Given records:
== Segment start ==

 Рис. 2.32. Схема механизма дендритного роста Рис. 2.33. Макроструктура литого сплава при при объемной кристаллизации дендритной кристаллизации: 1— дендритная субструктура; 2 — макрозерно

== Segment end ==
== Segment start ==

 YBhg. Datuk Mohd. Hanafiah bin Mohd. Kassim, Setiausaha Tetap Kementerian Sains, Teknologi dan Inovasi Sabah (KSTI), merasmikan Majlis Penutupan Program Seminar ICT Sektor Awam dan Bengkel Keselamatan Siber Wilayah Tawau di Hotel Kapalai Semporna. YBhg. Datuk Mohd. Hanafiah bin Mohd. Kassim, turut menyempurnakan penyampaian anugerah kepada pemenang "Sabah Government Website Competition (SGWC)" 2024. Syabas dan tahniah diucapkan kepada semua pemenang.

== Segment end ==
== Segment start ==

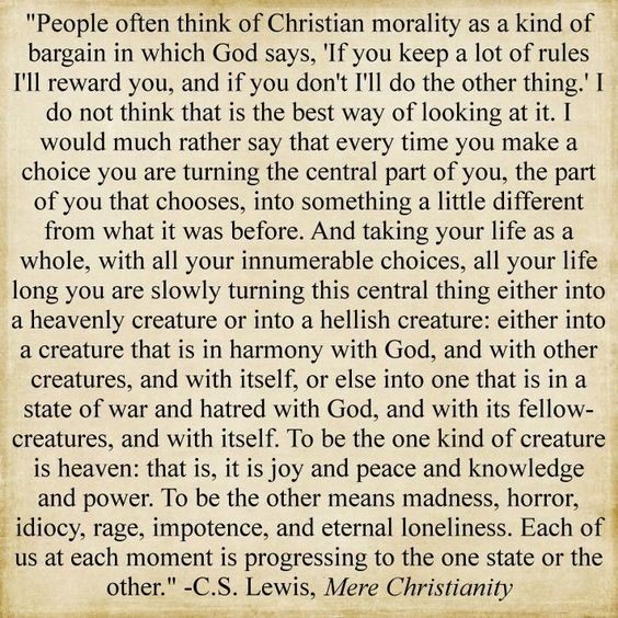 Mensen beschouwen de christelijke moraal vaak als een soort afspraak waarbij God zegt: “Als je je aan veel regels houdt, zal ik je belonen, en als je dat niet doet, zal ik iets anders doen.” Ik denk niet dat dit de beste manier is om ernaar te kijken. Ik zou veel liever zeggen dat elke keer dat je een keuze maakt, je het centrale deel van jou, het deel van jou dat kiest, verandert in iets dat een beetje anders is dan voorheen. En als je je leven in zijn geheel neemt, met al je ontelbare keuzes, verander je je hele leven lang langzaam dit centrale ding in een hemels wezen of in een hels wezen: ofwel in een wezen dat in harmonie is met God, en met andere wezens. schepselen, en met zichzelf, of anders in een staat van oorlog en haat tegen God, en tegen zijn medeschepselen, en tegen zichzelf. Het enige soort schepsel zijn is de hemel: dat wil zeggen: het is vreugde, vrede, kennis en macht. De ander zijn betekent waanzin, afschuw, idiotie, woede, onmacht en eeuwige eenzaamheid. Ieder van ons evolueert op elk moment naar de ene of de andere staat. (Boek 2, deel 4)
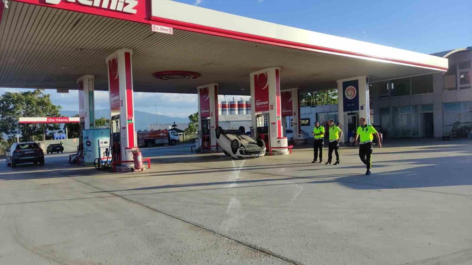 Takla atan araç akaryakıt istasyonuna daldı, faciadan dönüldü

== Segment end ==

Exercise: In the listing above, find the line containing "Mensen beschouwen de" and the line containing "Takla atan araç", then output those two lines and everything between them exactly as written, without the images.

Exercise output:
 Mensen beschouwen de christelijke moraal vaak als een soort afspraak waarbij God zegt: “Als je je aan veel regels houdt, zal ik je belonen, en als je dat niet doet, zal ik iets anders doen.” Ik denk niet dat dit de beste manier is om ernaar te kijken. Ik zou veel liever zeggen dat elke keer dat je een keuze maakt, je het centrale deel van jou, het deel van jou dat kiest, verandert in iets dat een beetje anders is dan voorheen. En als je je leven in zijn geheel neemt, met al je ontelbare keuzes, verander je je hele leven lang langzaam dit centrale ding in een hemels wezen of in een hels wezen: ofwel in een wezen dat in harmonie is met God, en met andere wezens. schepselen, en met zichzelf, of anders in een staat van oorlog en haat tegen God, en tegen zijn medeschepselen, en tegen zichzelf. Het enige soort schepsel zijn is de hemel: dat wil zeggen: het is vreugde, vrede, kennis en macht. De ander zijn betekent waanzin, afschuw, idiotie, woede, onmacht en eeuwige eenzaamheid. Ieder van ons evolueert op elk moment naar de ene of de andere staat. (Boek 2, deel 4)
 Takla atan araç akaryakıt istasyonuna daldı, faciadan dönüldü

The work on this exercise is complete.